== AIM OF THE EXERCISE ==
Here the job is to print only the lines from the one containing "Outsunny 4 x" to the end of the entries, both included, exactly as they stand, with pictures excluded.

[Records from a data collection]
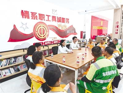 ■东莞市厚街镇总工会与劳动者围坐交谈。单位供图
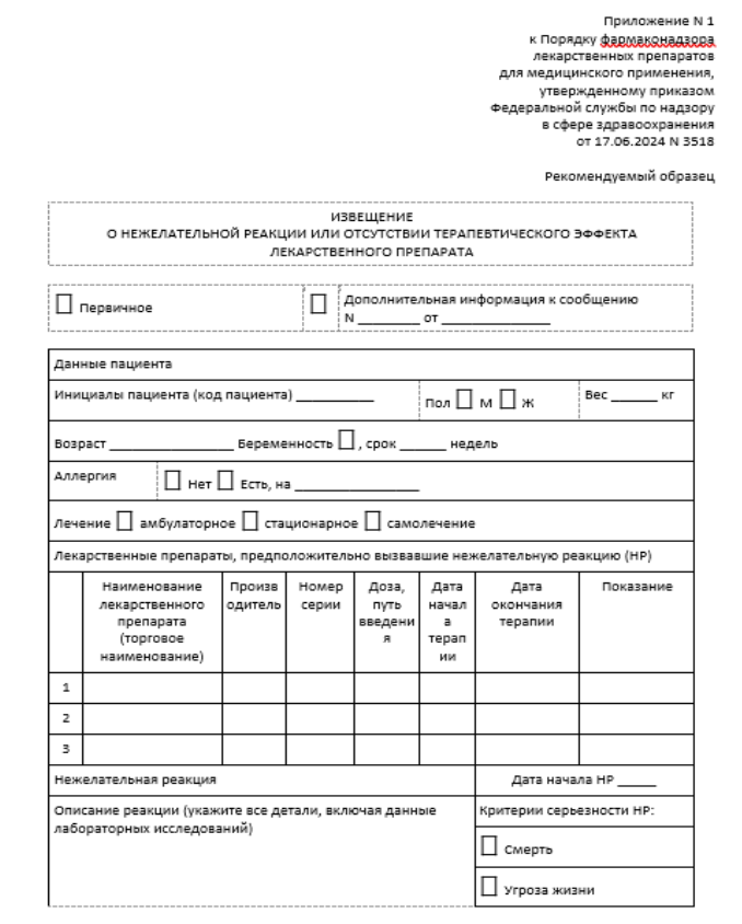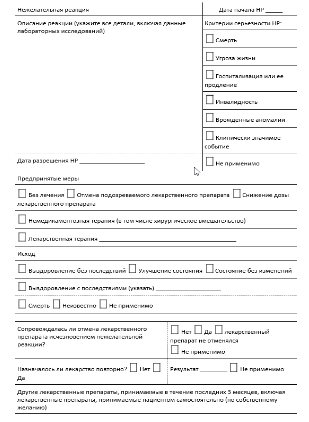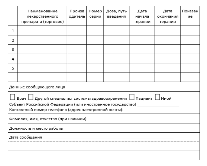 Если характер сведений не соответствует содержанию бланка, допускается представление сведений в произвольной форме. При самостоятельном заполнении отчёта о нежелательном явлении (НЯ) или нежелательной реакции (НР), а также рекламации по качеству необходимо зафиксировать следующее: данные о пациенте, сведения о репортёре, описание события, информация о продукте, время ее получения.
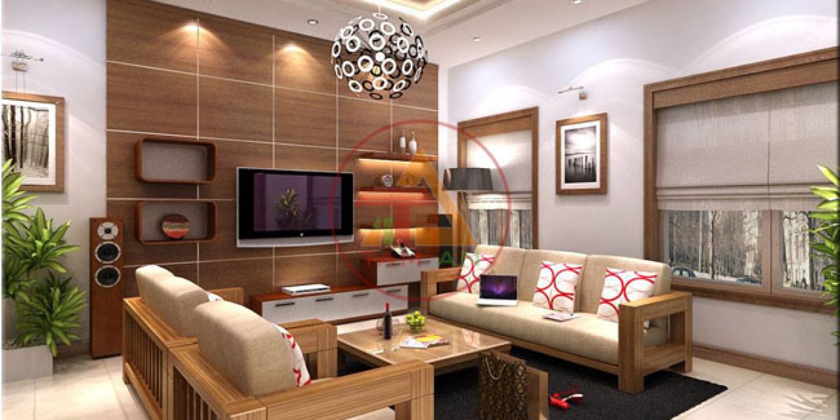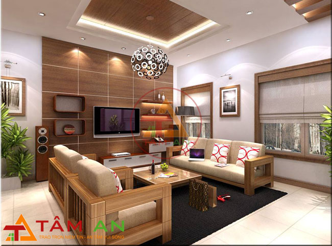 Phòng khách tone màu ấm, cây xanh được đặt ở những góc phòng khách tạo nên sự tươi mát cho căn phòng
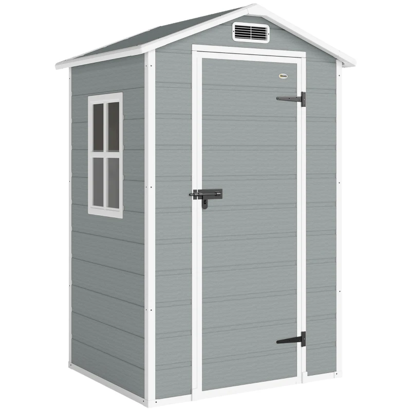 Outsunny 4 x 3 ft Plastic Garden Shed with Floor, Outdoor Storage Shed with Lockable Door, Window and Vent, Light Grey
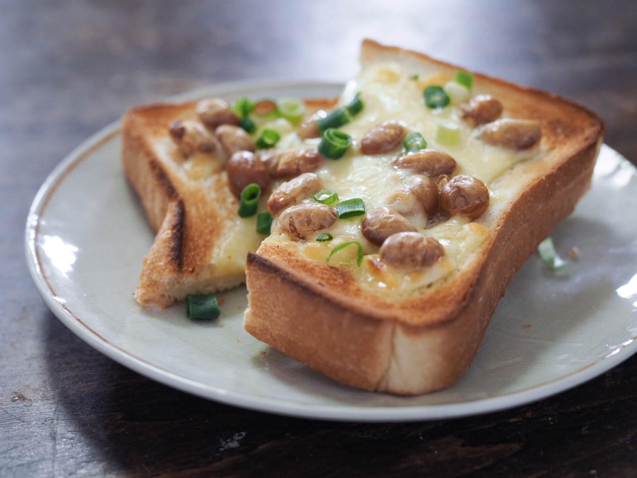 • 食パンにマヨネーズ、又はケチャップをお好み塗り、炒り豆、チーズ、炒り豆の順に乗せて、オーブントースター、または魚焼きグリルで焼く。
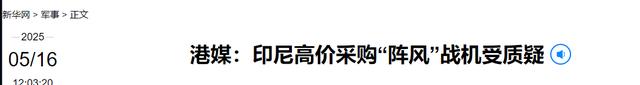 新华网:港媒:印尼高价采购“阵风”战机受质疑 2025-05-16

== ANSWER TO THIS TASK ==
 Outsunny 4 x 3 ft Plastic Garden Shed with Floor, Outdoor Storage Shed with Lockable Door, Window and Vent, Light Grey
 • 食パンにマヨネーズ、又はケチャップをお好み塗り、炒り豆、チーズ、炒り豆の順に乗せて、オーブントースター、または魚焼きグリルで焼く。
 新华网:港媒:印尼高价采购“阵风”战机受质疑 2025-05-16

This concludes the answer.